Activity – Please reproduce the data exactly, though every picture must stay out.

(Entries taken from a collection)

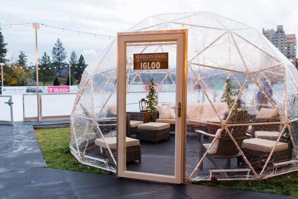 Cozy up in our beautifully decorated igloos strung with twinkling lights, fur accents and a mini fireplace to keep you toasty.
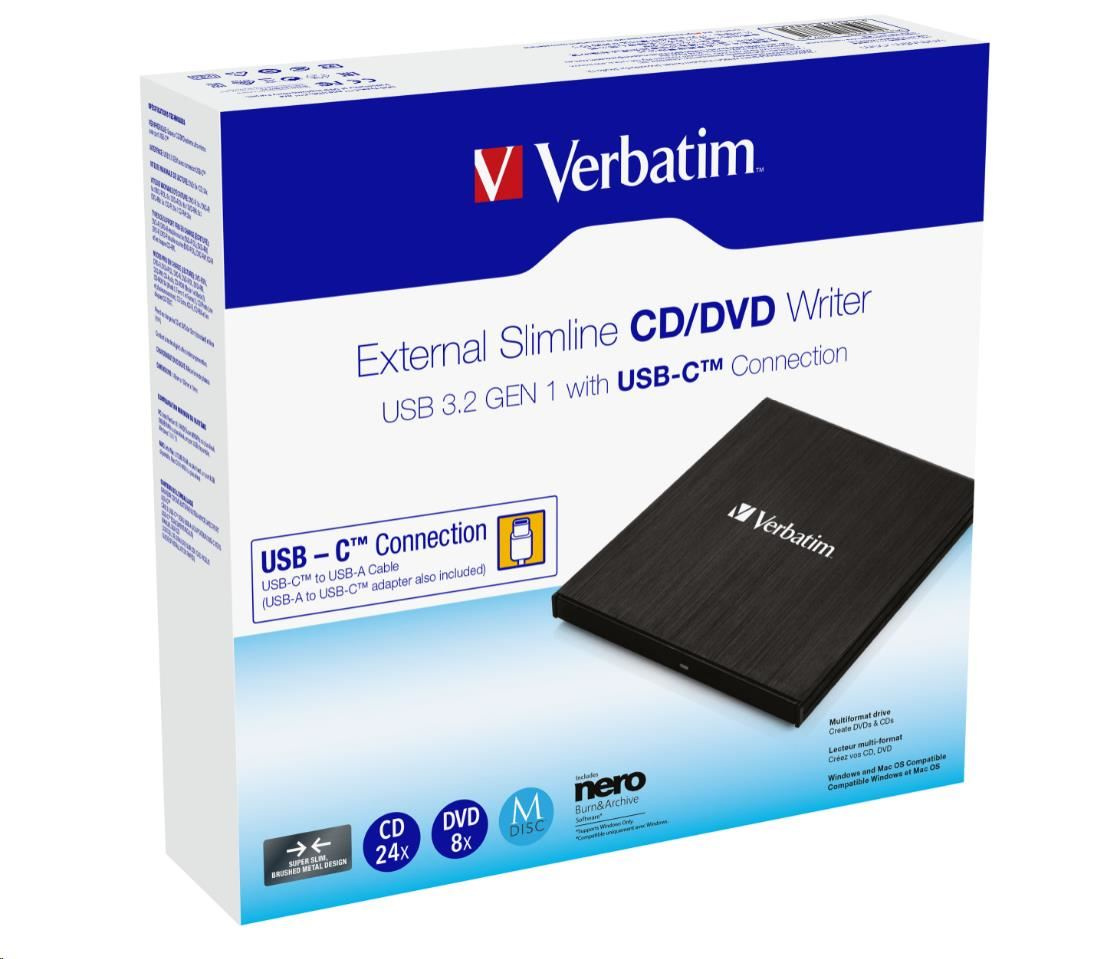 VERBATIM externí mechanika DVD-RW Rewriter USB-C, černá
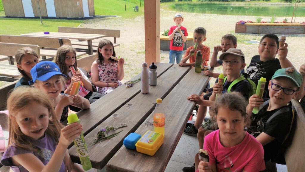 Nach der Besichtigung führte Herr Fuchs die Kinder noch zur Badeanlage, dort bekamen sie als Belohnung ein Eis – was für ein schöner Ausflug!
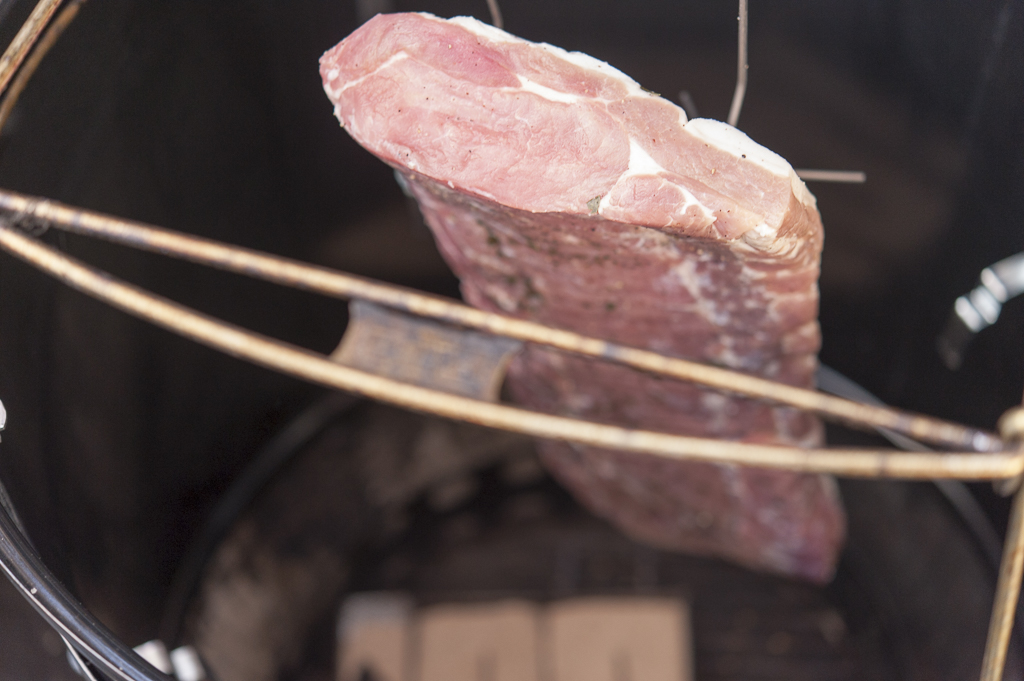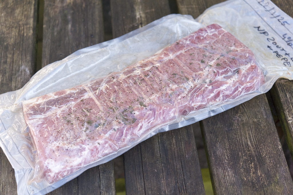 Mijn slager was ook erg enthousiast over dit project en gaf me een goede deal op een hele lende (zeg maar een ribkarbonade zonder bot) waardoor het mijn grootste stuk charcuterie tot op heden is geweest... bijna 4 kilo aan één stuk!
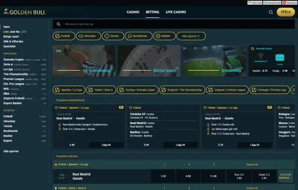 Din sportsbook och ditt casino delar ett och samma konto med ett SEK-saldo hos Goldenbull â inga överföringar behövs. Vi tĂ€cker ett brett utbud av sporter, och den fullstĂ€ndiga listan anpassas efter sĂ€song och evenemangskalender. Vanliga marknadstyper inkluderar matchresultat, totalmĂ„l (över/under) och handikapp, med ytterligare alternativ beroende pĂ„ sporten. Förmatchsbetting och live betting Ă€r bĂ„da tillgĂ€ngliga, med liveoddsen som uppdateras i realtid under matchens gĂ„ng.
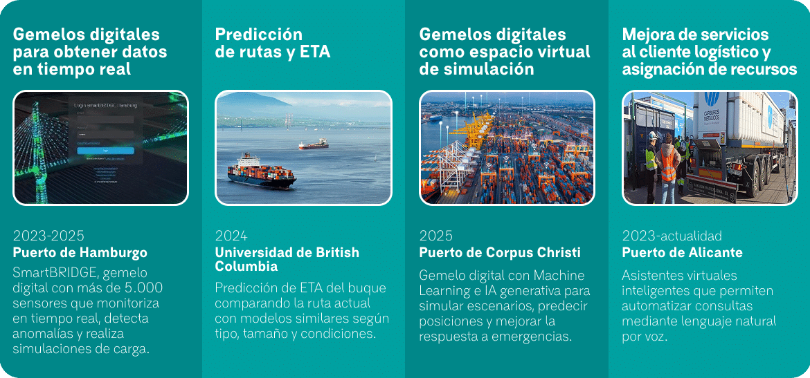 Esta tendencia habilita la predicción de flujos, la optimización dinámica de recursos, la simulación de incidencias y la mejora continua de los servicios logísticos, incrementando la resiliencia y la capacidad de anticipación del puerto.

Exercise response –
 Cozy up in our beautifully decorated igloos strung with twinkling lights, fur accents and a mini fireplace to keep you toasty.
 VERBATIM externí mechanika DVD-RW Rewriter USB-C, černá
 Nach der Besichtigung führte Herr Fuchs die Kinder noch zur Badeanlage, dort bekamen sie als Belohnung ein Eis – was für ein schöner Ausflug!
 Mijn slager was ook erg enthousiast over dit project en gaf me een goede deal op een hele lende (zeg maar een ribkarbonade zonder bot) waardoor het mijn grootste stuk charcuterie tot op heden is geweest... bijna 4 kilo aan één stuk!
 Din sportsbook och ditt casino delar ett och samma konto med ett SEK-saldo hos Goldenbull â inga överföringar behövs. Vi tĂ€cker ett brett utbud av sporter, och den fullstĂ€ndiga listan anpassas efter sĂ€song och evenemangskalender. Vanliga marknadstyper inkluderar matchresultat, totalmĂ„l (över/under) och handikapp, med ytterligare alternativ beroende pĂ„ sporten. Förmatchsbetting och live betting Ă€r bĂ„da tillgĂ€ngliga, med liveoddsen som uppdateras i realtid under matchens gĂ„ng.
 Esta tendencia habilita la predicción de flujos, la optimización dinámica de recursos, la simulación de incidencias y la mejora continua de los servicios logísticos, incrementando la resiliencia y la capacidad de anticipación del puerto.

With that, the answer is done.